Salvinia Molesta, an aquatic fern

 “Poor sanitation greatly contributes to water pollution in the Philippines leading to higher cost of water and secondly, affecting our rivers and lakes in terms of the reduction and production of aquatic life. This calls for a feasible, inexpensive and sustainable solution,” stressed Mr. Francis Dale G. Acenas of the Dr. Jose P. Rizal School of Medicine, Xavier University-Ateneo de Cagayan during the 2nd Student Research Competition at the 6th Philippine National Health Research System (PNHRS) Week last August 9, 2012 at the Sofitel Philippine Plaza, Pasay City.

Mr. Acenas, together with Ms. Liezel T. Morales, Ms. Alessandra Kamille P. Mallari, Mr. Cris S. Dedumo, Ms. Nafie O. Macarimbang, Ms. Sheila Mae P. Trozo, Ms. Katherine Ruth S. Beltran, Mr. Nasser A. Jawadil, Ms. Ethel Yen C. Sison, and Mr. Ryan Rey L. Zarate won the first prize in the competition

for their research entitled, An experimental study on the efficacy of aquatic fern (Salvinia molesta) in the treatment of blackwater effluent from a constructed wetland, Cagayan de Oro City. The study aimed to determine the efficiency of Salvinia molesta (water fern)to remove water pollutants in black water sewage from a constructed wetland.

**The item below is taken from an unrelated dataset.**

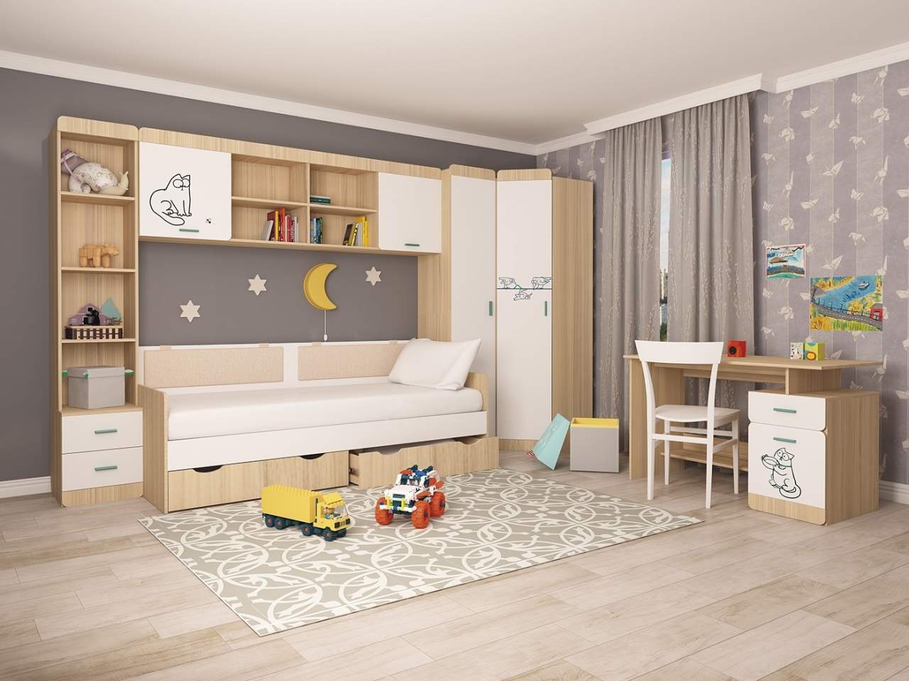 Детская модульная система Киса от компании Шагус одна из самых популярных на рынке. Почему? Взгляните на фасады этой мебели, кого вы там видите? Да! Это Киска! Все любят животных и дети и взрослые. Серии мультфильмов про животных подтолкнули наших дизайнеров на создание этой модульной системы мебели. А теперь о главном. Качество мебели Киса на высоком уровне, благодаря материалам которые используют в ее создании. Корпуса мебели выполнены из ЛДСП цвета Туя Светлая, Кромка используется как пластик 0,4мм так и кромка АБС 2мм. Фасады изготовлены из МДФ покрытого белой пленкой, а рисунок на них нанесен посредством ультрафиолетовой печати. Ящики оснащены шариковыми направляющими полного выдвижения. Петли на створках имеею доводчики, а значит они не будут отбиваться об корпус и шуметь. На подъемные створки установлены газлифты. Еще одной особенностью системы является о, что в комплекте предусмотрены 2 варианта ручек, оранжевого и бирюзового цветов. Вы можете выбрать их цвет в момент сборки, или менять в зависимости от настроения или времени года. В составе детской Кот большое количество элементов. Шкафы Пеналы Стеллаж Большой угловой шкаф Письменный и компьютерный столы Навесные полки 3 варианта кроватей Кровать для двоих детей Ваш ребенок мечтает о домашнем животном , но вы не можете это ему позволить? Украсьте его комнату детской модульной системой Киса и ваш ребенок будет вам безмерно благодарен. Большое количество позитивных эмоций достанется каждому посетителю такой комнаты.

“Pathogen concentrations remain too high for unrestricted irrigation in constructed wetlands. There is a need for a tertiary treatment to eliminate the pathogens,” explained Mr. Acenas.

In a fifteen-day exposure to Salvinia molesta, the researchers determined the amount of changes and the removal of water pollutants in terms of activity of hydrogen ion, dissolved oxygen, total suspended solids, Chromium, Nitrate, Sulfate, Phosphate, Plankton and fecal coliforms.

Results of the study showed that Salvinia molesta is a highly efficient aquatic plant for the removal of total suspended solids (30.77%), dissolved oxygen (74.70%) and fecal coliform (48.95%). However, Salvinia molesta had no effect on pH, Chromium, Nitrates, Sulfates, Phosphates and Plankton.

“We recommend that a small-scale model of constructed wetland be conducted with Salvinia molesta as our tertiary step treatment. We also want to recommend that a biological or chemical analysis be done on the plant itself to compare the absorption of pollutants between in-vitro and in-situ settings,” concluded Mr. Acenas.